Comment by Barry Starr Subscribed to comments via email

I wonder what this will do to companies like Knome? I think I’ll wait a year or two to have my genome sequenced so i can save some money to send the kids to college!

Barry, I expect Knome will eventually lower its price but it won’t be on par to the figures we’re seeing here. First, there’s gotta be some mark-up on the lab services. Second, the most valuable service companies can offer is personalized reports and other personalized interpretation and plans. Personalization, as Kevin Kelly says, is the eventual aim.

 
Comment by Amber Rost Subscribed to comments via email

Barry,

I market DNA tests and have found the results to be quite invaluable. I was studying and buying supplements based on what was wrong with my parents. But my report came back with “red flags” that were things that went wrong with my grandparents. So
I was wasting time, money and effort on supplements that were probably creating a toxic situation in my body and neglecting areas that desperately needed my attention. Fortunately, my company offers BOTH the test and the supplement customized to my test results. So as a young person I am already affecting my quality of life as a senior. It’s almost like investing early into the 401ks!

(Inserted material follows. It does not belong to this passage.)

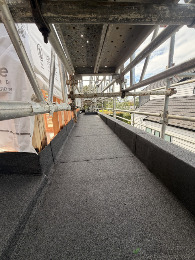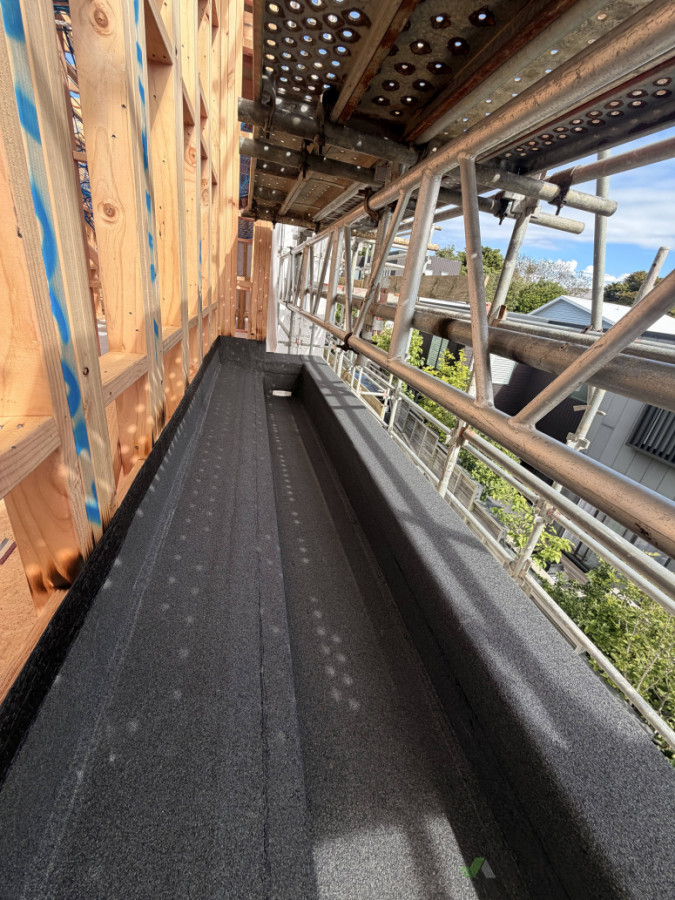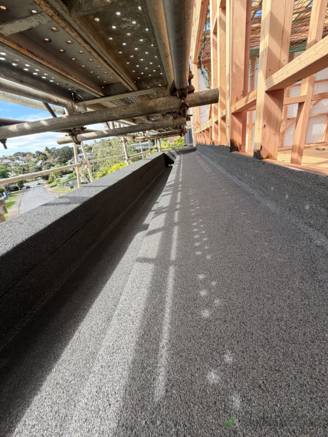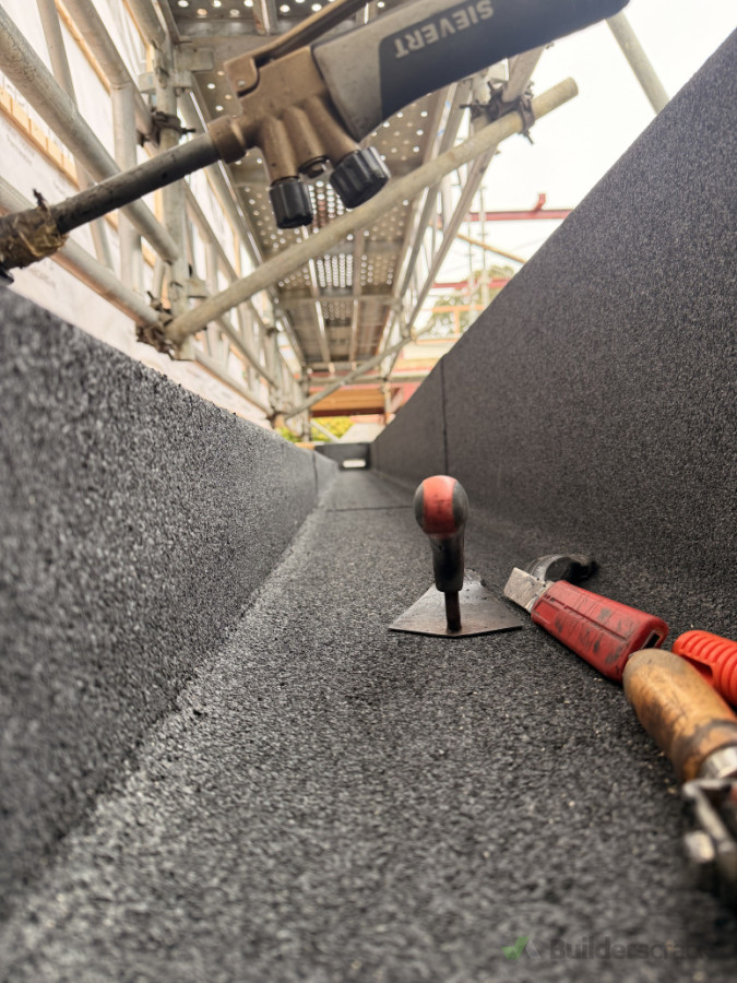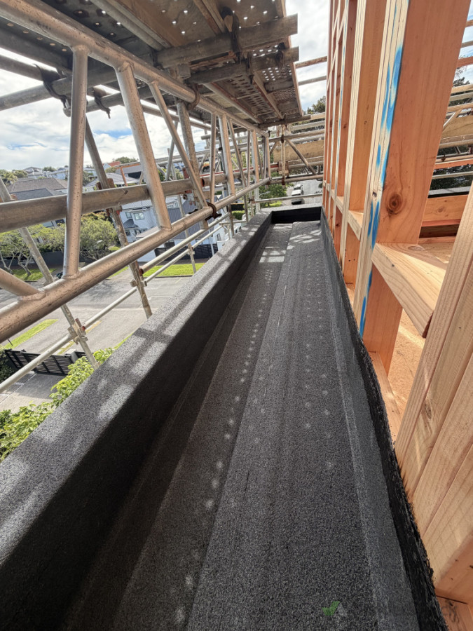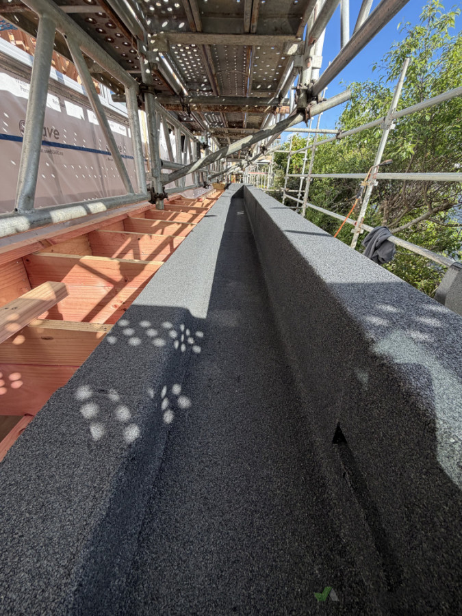 New internal gutter waterproofed with double layer torch-on membrane.

Hope this helps and I’d love to hear your feedback.

Amber Rost

 
 

[...] You can find more on the dropping cost of re-sequencing on Eye on DNA: Whole Genome Sequencing Costs Continue to Drop. [...]

 

[...] You can find more on the dropping cost of re-sequencing on Eye on DNA: Whole Genome Sequencing Costs Continue to Drop. [...]

 
Comment by online doctor

A lot of DNA sequencing going on indeed. However, it really is an exciting opportunity as the author in the article you suggested said. Its up to all of us (doctors and patients) to make sure that teachable moment is realized.